*** Data supplied ***

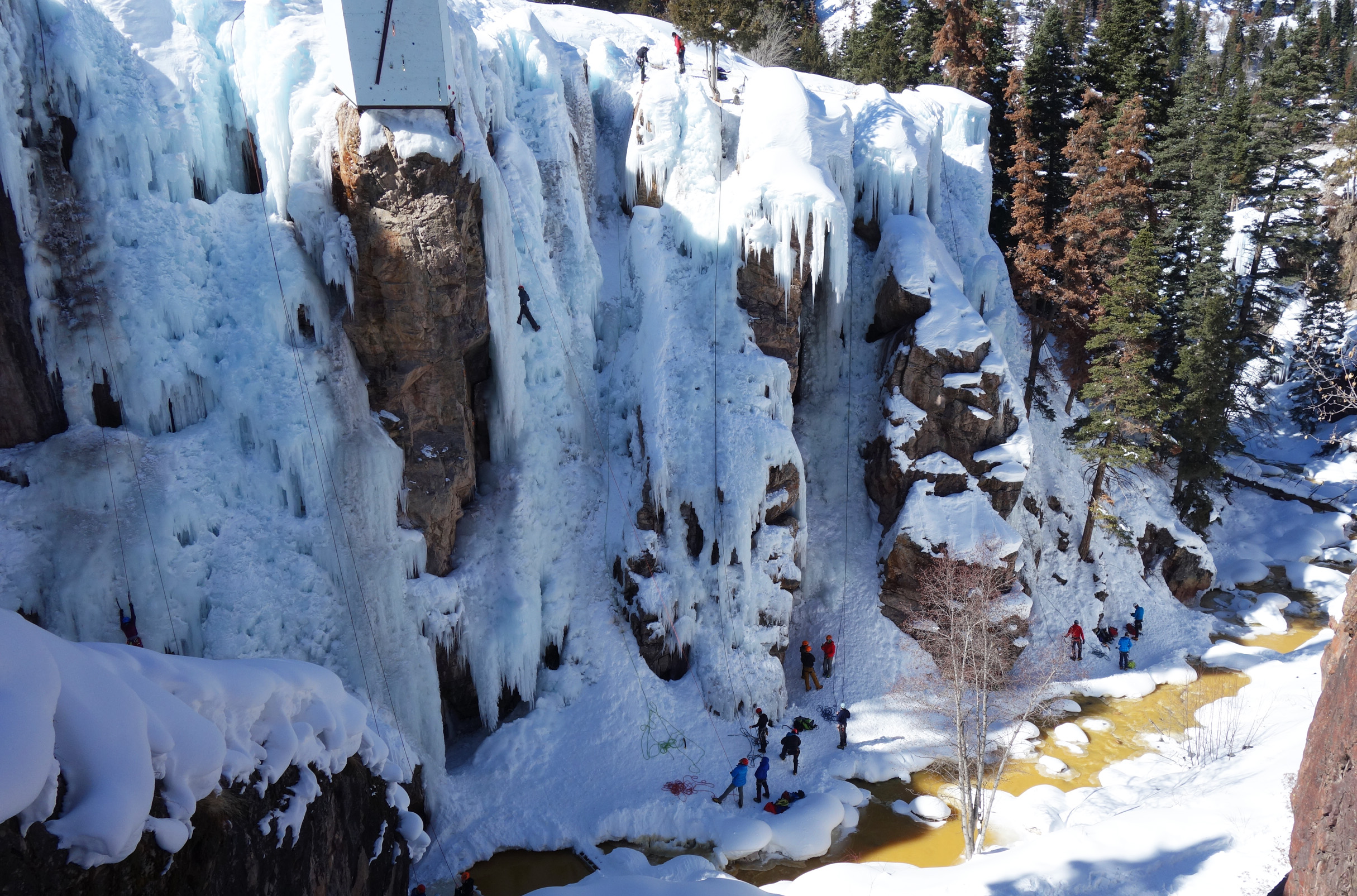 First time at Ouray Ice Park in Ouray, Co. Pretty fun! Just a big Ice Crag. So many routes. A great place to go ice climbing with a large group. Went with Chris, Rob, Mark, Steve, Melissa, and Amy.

*** End of Data supplied ***
*** Data supplied ***

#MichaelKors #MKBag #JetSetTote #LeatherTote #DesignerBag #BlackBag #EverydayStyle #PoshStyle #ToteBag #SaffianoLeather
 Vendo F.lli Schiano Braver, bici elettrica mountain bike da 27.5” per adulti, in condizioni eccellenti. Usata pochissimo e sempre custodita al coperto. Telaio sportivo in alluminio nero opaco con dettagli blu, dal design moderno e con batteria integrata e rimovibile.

*** End of Data supplied ***
*** Data supplied ***

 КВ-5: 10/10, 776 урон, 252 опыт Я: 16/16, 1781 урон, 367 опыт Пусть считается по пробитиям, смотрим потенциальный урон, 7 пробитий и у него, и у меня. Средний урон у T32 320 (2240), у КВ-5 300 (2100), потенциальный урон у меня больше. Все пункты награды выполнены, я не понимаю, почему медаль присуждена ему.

*** End of Data supplied ***

Exercise: Taking the line with "#MichaelKors #MKBag #JetSetTote" as the first and the line with "Vendo F.lli Schiano" as the last, retype that stretch of the data above exactly, with no other lines.

Result for this exercise:
#MichaelKors #MKBag #JetSetTote #LeatherTote #DesignerBag #BlackBag #EverydayStyle #PoshStyle #ToteBag #SaffianoLeather
 Vendo F.lli Schiano Braver, bici elettrica mountain bike da 27.5” per adulti, in condizioni eccellenti. Usata pochissimo e sempre custodita al coperto. Telaio sportivo in alluminio nero opaco con dettagli blu, dal design moderno e con batteria integrata e rimovibile.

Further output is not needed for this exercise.